Таким образом, Моцарт спародировал конспирологию задолго до того, как она расцвела пышным цветом, – но пародия эта никого не остановила. Весь XIX век прошел под знаком заговоров. «Сначала эти заговоры // Между Лафитом и Клико // Лишь были дружеские споры», – иронизировал Пушкин над этими «забавами взрослых шалунов», однако сам себя испуганно обрывал: «Но постепенно сетью тайной…» При дворе Николая I настолько боялись заговоров, что разгромили невиннейший кружок Петрашевского: «И декабрьским террором пахнуло на людей, переживших террор», – вспоминал Некрасов. В сегодняшней России боятся «оранжевой революции» – в николаевской, а потом и в александровской с ума сходили от страха перед заговорами; заговорщики плодились и от этого страха, от направленного ожидания, которое само способно порождать фантомы. К концу позапрошлого века вся Европа была охвачена паническим ужасом: тема тайного общества стала актуальнейшей, о заговорах писались романы ужасов, эссе и трагедии почти античного накала. Первой ласточкой была «Женщина в белом» Коллинза – доселе непревзойденный конспирологический роман: если помните, все его прихотливые узлы, озадачившие, сдается, самого автора, развязывались благодаря маленькому профессору Песке, который узнал в графе Фоско предателя, бывшего сотоварища боевой юности. То есть Песка-то узнал не сразу – Фоско очень уж растолстел; но на лице графа изобразился самый настоящий ужас! Любопытно, что встретились они как раз в театре, итальянец Фоско обожал оперу – не на «Флейте» ли? Чудесное было бы совпадение. В заговорах и тайных обществах вообще есть что-то оперное, бархатное, закулисное, романтически-злодейское, увертюрно-громовое… Тайная организация не щадит предателей, и графа Фоско нашли мертвым очень вовремя – он так и не успел вызвать на дуэль и заколоть положительного Уолтера Хартрайта.

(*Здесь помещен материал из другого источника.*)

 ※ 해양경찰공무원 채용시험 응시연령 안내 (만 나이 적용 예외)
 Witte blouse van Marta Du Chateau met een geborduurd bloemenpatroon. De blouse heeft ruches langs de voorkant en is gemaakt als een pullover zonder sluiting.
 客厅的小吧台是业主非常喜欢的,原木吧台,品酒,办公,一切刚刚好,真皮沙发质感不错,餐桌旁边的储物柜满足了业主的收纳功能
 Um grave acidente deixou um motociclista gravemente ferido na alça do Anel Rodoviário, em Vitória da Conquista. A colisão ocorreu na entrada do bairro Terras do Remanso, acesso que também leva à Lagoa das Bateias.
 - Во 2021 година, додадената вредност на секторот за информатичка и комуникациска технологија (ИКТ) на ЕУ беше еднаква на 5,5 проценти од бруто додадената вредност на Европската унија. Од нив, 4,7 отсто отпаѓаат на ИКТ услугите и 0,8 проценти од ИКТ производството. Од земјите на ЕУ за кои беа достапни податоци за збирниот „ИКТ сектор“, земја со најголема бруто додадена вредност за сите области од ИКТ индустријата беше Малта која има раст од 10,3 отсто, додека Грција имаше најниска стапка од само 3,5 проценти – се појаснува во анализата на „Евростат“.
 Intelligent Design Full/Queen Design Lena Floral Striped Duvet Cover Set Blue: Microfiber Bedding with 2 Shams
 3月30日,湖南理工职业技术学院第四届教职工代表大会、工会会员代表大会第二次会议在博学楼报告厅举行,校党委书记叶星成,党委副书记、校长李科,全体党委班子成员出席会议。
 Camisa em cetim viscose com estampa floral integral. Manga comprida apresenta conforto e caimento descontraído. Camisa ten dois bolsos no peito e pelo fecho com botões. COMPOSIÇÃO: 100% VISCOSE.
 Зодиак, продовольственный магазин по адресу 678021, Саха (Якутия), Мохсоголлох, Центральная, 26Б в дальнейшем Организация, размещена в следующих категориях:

Когда этот ужас перед заговорщиками как следует надоел здравомыслящим людям, все тот же Честертон написал лучший европейский роман о тайных обществах – совершенно моцартианский по легкости, веселью, иррациональной и прихотливой фантазии. Я говорю, конечно, о «Человеке, который был четвергом» (1908). Эта странная, до сих пор не вполне оцененная смесь триллера, ночного кошмара (у романа есть специальный подзаголовок – a nightmare), пародии и христианской апологетики довела идею до абсурда: все заговорщики оказались шпионами, а главой заговора – Господь Бог. В романе много издевательства над магической, масонской и революционной атрибутикой, а главное – над обывательской верой в тайный союз посвященных как главную пружину всего происходящего. Если заговор и есть, то он Божий и не нам его разгадать – к этому весело и ненавязчиво подводил Честертон. Знал бы он, сколько мировых заговоров и тайных сект начнет гулять по страницам прозы XX века! Плюнь – и попадешь в заговорщика.